1-fixed weighing platform, 2-mobile weighing platform, 2.1-weighing platform, 2.2-driving gear, 2.3-speed reducer, 2.4-servo motor, 2.5-linear guide rail, 2.6-rack, 2.7-position sensor, 2.8-first fixed plane, 2.9-first locking inclined plane, 2.10-rail wheel, 3-auxiliary supporting platform, 3.1-supporting frame, 3.2-hydraulic cylinder, 3.3-hydraulic cylinder support, 3.4-guide block, 3.5-first travel switch, 3.6-second travel switch, 3.7-second locking inclined plane, 3.8-second fixed plane, 4-sideslip prevention device, 5-rollover prevention device, 5.1-pillar, 5.2-supporting wheel, 5.3-adjusting device, 6-main platform.

Detailed Description

In order to make the objects, technical solutions and advantages of the embodiments of the present invention clearer, the embodiments of the present invention will be clearly and completely described below with reference to the accompanying drawings in the embodiments of the present invention, and it is obvious that the described embodiments are some, but not all, embodiments of the present invention. The components of embodiments of the present invention, as generally described and illustrated in the figures herein, may be arranged and designed in a wide variety of different configurations.

Thus, the following detailed description of the embodiments of the present invention, presented in the accompanying drawings, is not intended to limit the scope of the invention, as claimed, but is merely representative of selected embodiments of the invention. Based on the embodiments in the present invention, all other embodiments obtained by a person skilled in the art without creative efforts belong to the protection scope of the present invention.

It should be noted that, in the present invention, the embodiments and features of the embodiments may be combined with each other without conflict.

It should be noted that: like reference numbers and letters refer to like items in the following figures, and thus, once an item is defined in one figure, it need not be further defined and explained in subsequent figures.

In the description of the embodiments of the present invention, it should be noted that the indication of the position or the positional relationship is based on the position or the positional relationship shown in the drawings, or the position or the positional relationship that the utility model is usually placed when using, or the position or the positional relationship that the skilled person conventionally understands, or the position or the positional relationship that the utility model is usually placed when using, and is only for the convenience of describing the present invention and simplifying the description, but does not indicate or suggest that the indicated device or element must have a specific position, be constructed and operated in a specific position, and thus, cannot be understood as limiting the present invention. Furthermore, the terms "first" and "second" are used merely to distinguish one description from another, and are not to be construed as indicating or implying relative importance.
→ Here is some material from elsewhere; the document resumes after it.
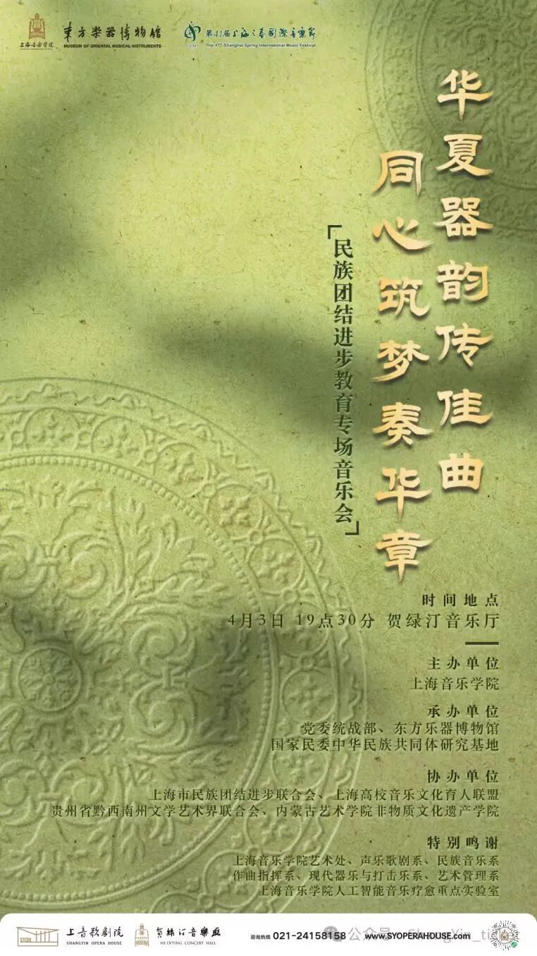 4月3日,“华夏器韵传佳曲同心筑梦奏华章——民族团结进步教育专场音乐会”在上海音乐学院贺绿汀音乐厅圆满落幕。本场音乐会作为第41届上海之春国际音乐节系列活动之一,以音乐为媒、以艺术为桥,融汇多民族艺术精粹、贯通传统与创新表达,生动诠释“中华民族一家亲”的深厚情谊,为铸牢中华民族共同体意识注入鲜活的文化力量。

In the description of the embodiments of the present invention, it should be further noted that unless otherwise explicitly stated or limited, the terms "disposed" and "connected" should be interpreted broadly, and may be, for example, fixedly connected, detachably connected, or integrally connected; may be directly connected or indirectly connected through an intermediate. The specific meaning of the above terms in the present invention can be understood in specific cases for a person of ordinary skill in the art; the drawings in the embodiments are provided to clearly and completely describe the technical solutions in the embodiments of the present invention, and it is obvious that the described embodiments are some, not all embodiments of the present invention. The components of embodiments of the present invention, as generally described and illustrated in the figures herein, may be arranged and designed in a wide variety of different configurations.

Example 1

The embodiment specifically discloses a vehicle mass center of mass rollover angle measuring platform, which comprises a main platform and a vehicle measuring channel arranged on the main platform, wherein the main platform is used as a main bearing part for realizing the installation of a measuring part and supporting a measured vehicle; the vehicle measuring channel is used for vehicle running, and the vehicle runs into the vehicle measuring channel to measure the parameters of the wheel load mass, the axle load mass, the total mass, the mass center and the maximum stable rollover angle of the vehicle. Of course, in order to realize the normal movement of the measuring platform, a corresponding control system is also provided, and the control system can realize the recording of each measuring parameter.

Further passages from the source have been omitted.